В Бостоне я снимал квартирку на холме, на Джой-стрит, за квартал от могучего купола Дома штата, и, пересекая каждый вечер Пастбищную площадь от станции подземки на перекрестке Тремонтской и Парковой, у Староамбарного кладбища, я оказывался лицом к георгианским фасадам Бикон-стрит, алевшим в лучах предзакатного солнца. Ох, сколько раз в то лето я, отработав день и предчувствуя пустой вечер, мрачнее мрачного появлялся из затхлой утробы тусклой подземки, проходил между кучками разговорчивых приятелей и видел еще раскаленно-белое небо над Пастбищной площадью, со страхом и надеждой ожидая невстречи на том месте, где от выхода с площади на мою улицу боковая дорожка ведет к Бикон-стрит. Там
Ох, этот «кабачок»! Я сбил порядок повествования. Я туда попал на второй же день. У меня были рекомендательные письма; я хоть ни в ком и не нуждался, а все же знал, что главное в чужой стране — это, во-первых, заручиться опекой толкового местного жителя, а во-вторых, подыскать себе какую-нибудь непыльную работенку. Имелось письмо от дублинского политика одному из восседающих в Доме штата бостонских Отцов Города, некоему Биллу Хогану. Такого ирландистого американца, как Билл, я в Штатах больше не видывал. Тип его лица навеки запечатлели иллюстраторы Диккенса Физ и Крукшенк в своих стилизованных изображениях лондонских бедняков первой половины девятнадцатого века, многие из которых были ирландскими рабочими-иммигрантами. У Билла Хогана был массивный подбородок, карикатурно вытянутая верхняя губа, ухмылка во весь рот до ушей, нос башмаком и живые голубые глаза на пышущей румянцем физиономии поперек себя шире. Когда я объяснил ему, что я — ирландский журналист и хочу, чтобы немного освоиться в Америке, поработать на радио, как работал в Дублине, причем дело не в деньгах, я и сам готов приплатить за такую возможность, он тут же, в лучших традициях предков, позвонил нужному человеку на радиостанцию, неопределенно-обнадеживающе похлопал меня по плечу и повел в этот ближний салун, бар или паб, где представил веселой и шумной компании, издав старинный ирландский клич: «Ребята! Нашего полку прибыло!» У него в кабинете мы договорились, что я угощаю его ленчем. Оказалось, что здесь кормят в основном горячительными напитками, и бутылки так плясали, будто ничей дед и не думал покидать Дублин или Донегал. Мне со всех сторон пожимали руки. Все вкруговую были свои. У себя на родине я никогда не испытывал таких кровных чувств. Каждый из них был истый современный американец до мозга костей, но кости были самые что ни на есть ирландские, и они, как по команде, отплясывали старинную джигу.

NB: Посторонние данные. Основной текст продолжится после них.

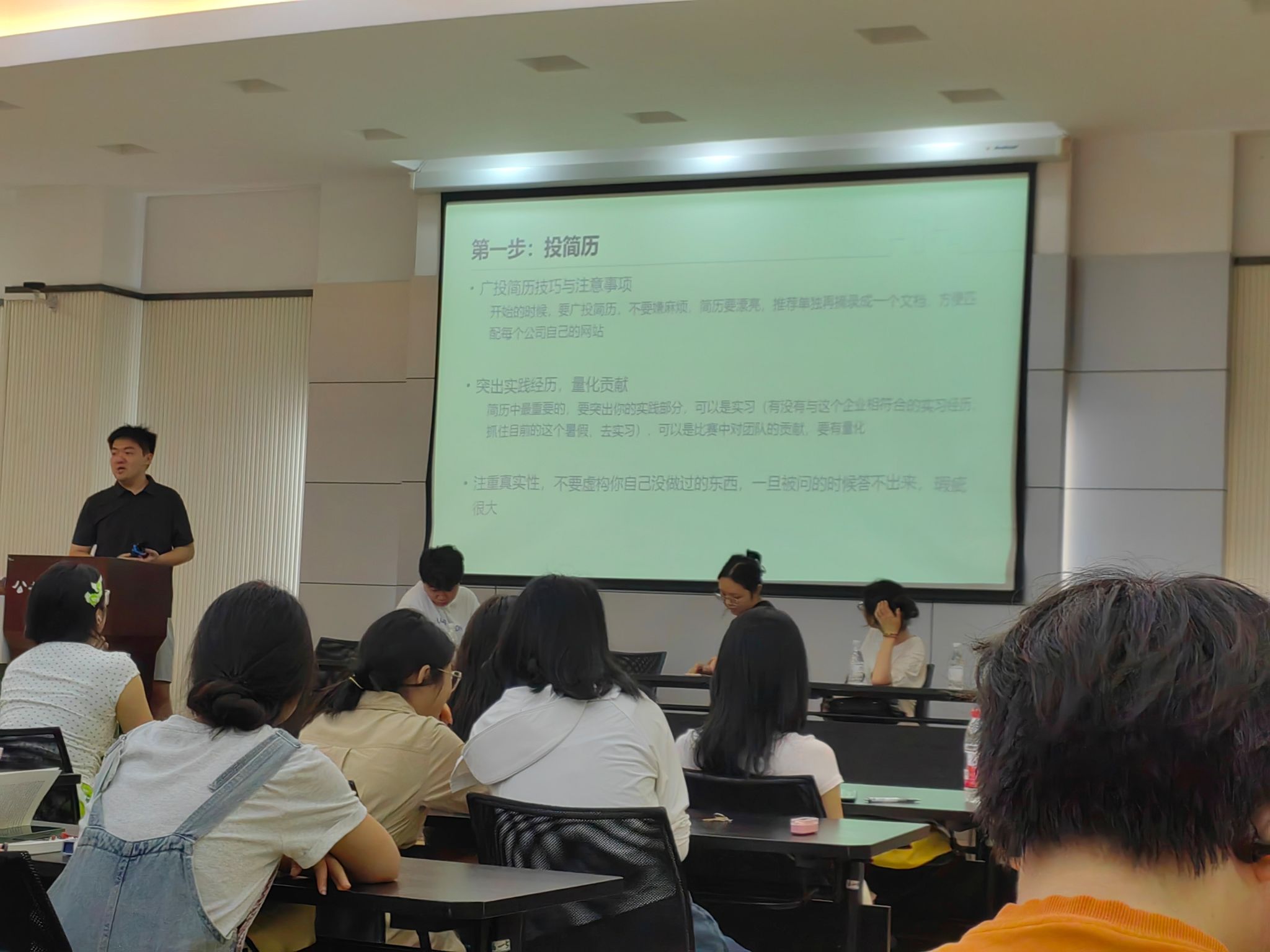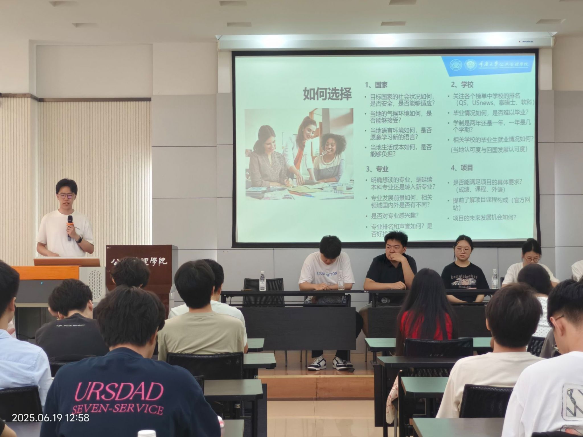21级学长孙靖奇围绕“留学申请全周期”展开,对比港校与英校申请差异,文书撰写突出“故事化叙事”。21级学长郭新宇分享“跨专业申请技巧”,将城管专业与“可持续发展”“环境规划”方向结合,打造独特申请优势。他还现场分享“留学资源包”,涵盖院校清单、文书模板。
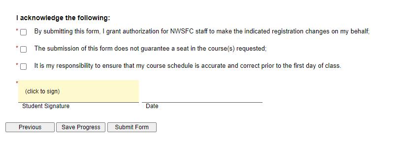 Students will click each statement in the acknowledgement section and then click to sign to enter the electronic signature. Students must click Submit Form to complete the process.
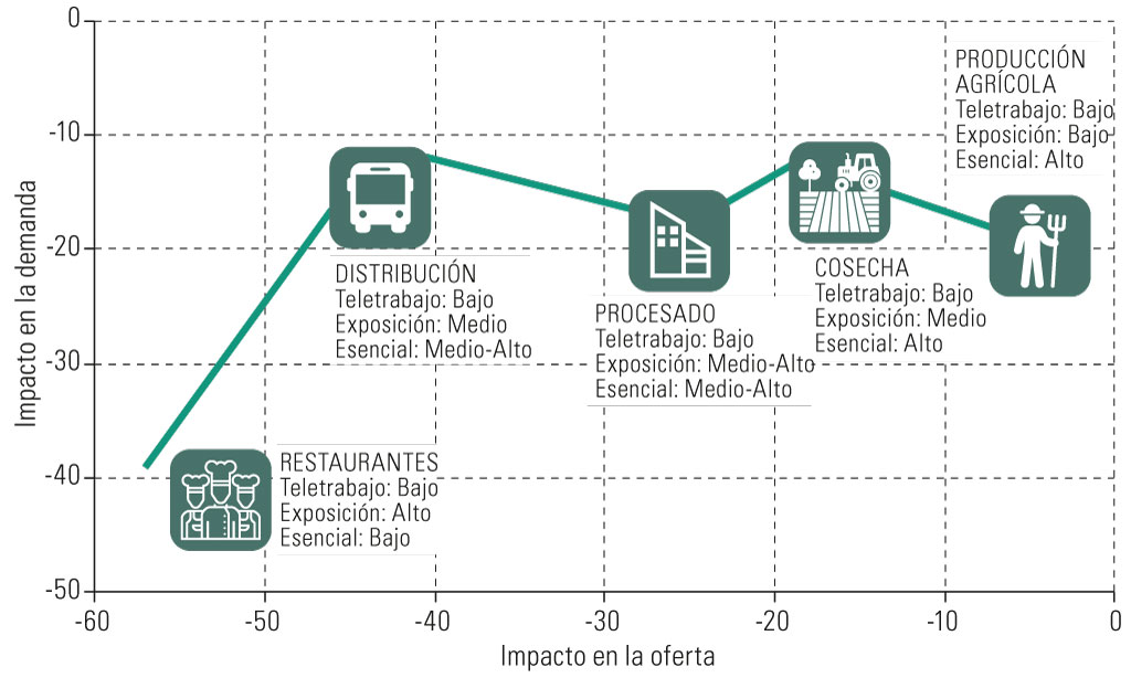 Impactos del COVID-19 sobre diferentes actividades relacionadas con el suministro alimentario en términos de demanda y oferta.
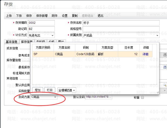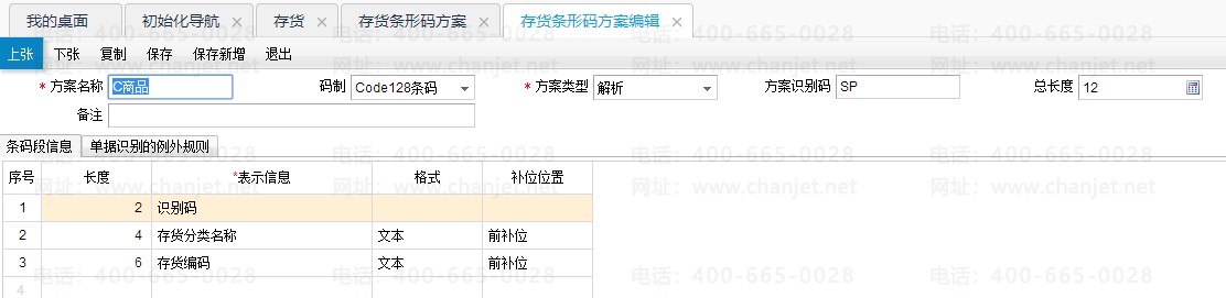 2) 在”基础设置”—”常用信息设置”—”存货条形码方案”中按照要求增加一个存货条形码方案,具体如下:

После этого, то есть после пяти, если не больше, порций ирландского виски, интерес к происходящему у меня ослабел, да ничего интересного, кажется, и не происходило, покуда весь Бостон не разошелся по делам, и со мной остались всего лишь четверо, хотя слово «лишь» к пяти ирландцам вряд ли применимо; знакомый Билла Хогана с радиостанции, милейший Шон Кершоу, с которым или под началом которого мне предстояло «работать» или изображать «работу» все лето, два преподавателя экономики, один из Бостон-колледжа, другой из Тафта, и замечательный молодой человек из Питтсбурга по фамилии Саллеван, живой, остроумный и, как я понял, весьма преуспевший в жизни: он вернулся в родной город, чтобы устроиться здесь по крайней мере не хуже, чем в Пенсильвании. Он произвел на меня прекрасное впечатление, и, когда он встал и вышел вслед за Шоном, меня неприятно изумил тот пыл, с которым два экономиста, минуту назад ласковые чуть не по-отцовски, взъярились за его спиной. Зачем, наперебой негодовали они, ну за каким дьяволом Саллеван, светлая голова, приперся, вот как и все они, обратно в Бостон? Он на отличном счету у Хайнца в Питтсбурге, перед ним открыта завидная карьера, он может добиться чего угодно. Экономист из Бостон-колледжа простонал в свой стакан:
— Я на этого парня глаз положил с первого дня, как увидел его в колледже, и четыре года назад от всей души пожелал ему удачи в Питтсбурге. Я сразу понял, чего он стоит.
Он вцепился мне в плечо: разволновался он так, будто речь шла о его сыне.
— И ведь не ошибся же? Еще бы года четыре — и ручаюсь вам, стал бы он младшим помощником вице-президента. А еще через пять лет ворочал бы делами всей фирмы. Так нет! Снова здорово! «Вернись, Пэдди Райли, в Баллиджеймздафф, вернись, Пэдди Райли, ко мне».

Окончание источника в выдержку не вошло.